理想の条件を並べていた頃
私は32歳から婚活を始めました。そして最近まで、パートナーに求める条件を気持ちの赴くままに作っていました。
- 優しい人が良い
- 年収は私より上がいい
- 真面目な人
- 車を持っている
- 身長は私より高い
- 漫画やアニメが好き
- 尊敬できるところがある
- 年齢は近い人がいい
ほかにも細かい条件をたくさん並べていました。
理想に縛られて動けなかった
理想のパートナー像を追いかけるうちに、ここが嫌、あそこも違うと相手を減点方式で見ていて、お見合いを申し込むという一歩すら踏み出せず、時間だけが過ぎていきました。

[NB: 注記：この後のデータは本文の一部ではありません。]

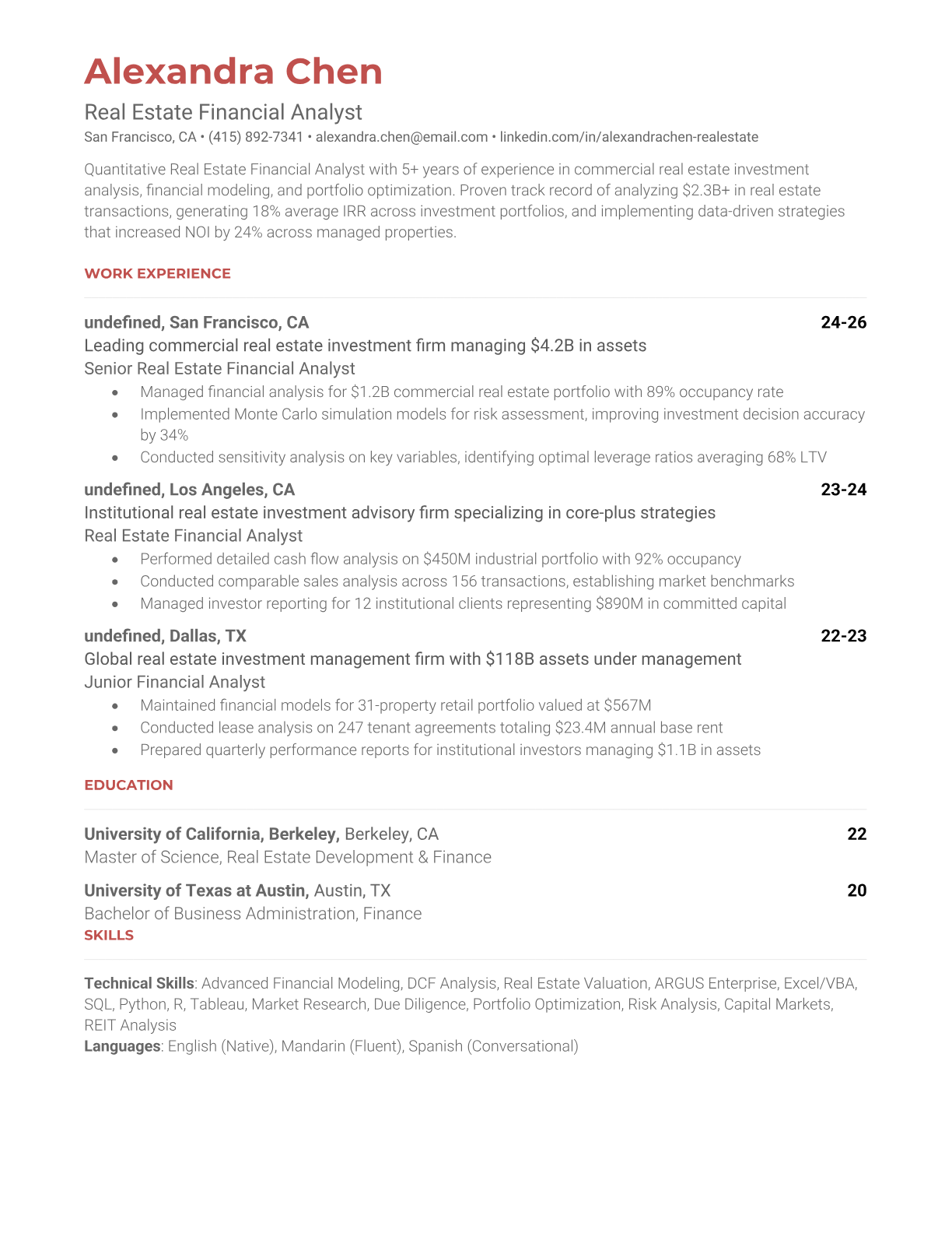 Real Estate Financial Analyst Resume Templates - ATS-Optimized

運よくお見合いが成立しても、あれこれ理由をつけて断ってばかりいました。
仲人からの問いかけ
そんな時、仲人からこう問われました。
「あなたはパートナーに何を求めているの?」
私は並べられるだけの条件を口にしました。すると、
「そのすべてを満たす人はほとんどいないし、いたとしても出会える確率は低いですよ。」
と、現実をつきつけられました。
本当に必要なものを考えた
そこで初めて私は考えたのです。
私が本当に求めているものは何だろう。私は何が必要なんだろうか。……私は何が譲れないのだろうか。
条件を書き出し、絞り込む
ノートに条件を書き出しました。そして、その中から「本当に譲れないもの」だけを4つに絞ることにしました。
一つひとつ、自分に問いかけました。
条件を見直して気づいたこと
例えば――
・車を持っている
都市部で生活する私にとって、車は必須ではない。
・優しい人がいい
・真面目な人
それは実際に相手に会ってみなければわからないこと。これは“条件”ではなく、“関わりの中で見えるもの”だと気づきました。
残った本当の基準
そうして削っていき、最終的に残ったのは5つでした。
生活に直結するもの
- タバコNG
- ペットOK
- 生活圏が同じ
できればあればいいもの
- 価値観が合う
- ドライブ好き
見えてきた変化
ここでやっと、私にとって本当に大切なものが見えました。
抽象的な理想ではなく、生活に直結する“基準”ができました。
思考がクリアになり、余計な雑音に振り回されなくなった気がしました。
ひとりでは気づけなかったこと
あの頃の私は、理想を並べることに一生懸命でした。でも本当に必要だったのは、「どれが自分にとって大事か」の気づきを与えてくれる人だったのかもしれません。
自分ひとりでは、なかなか気づけませんでした。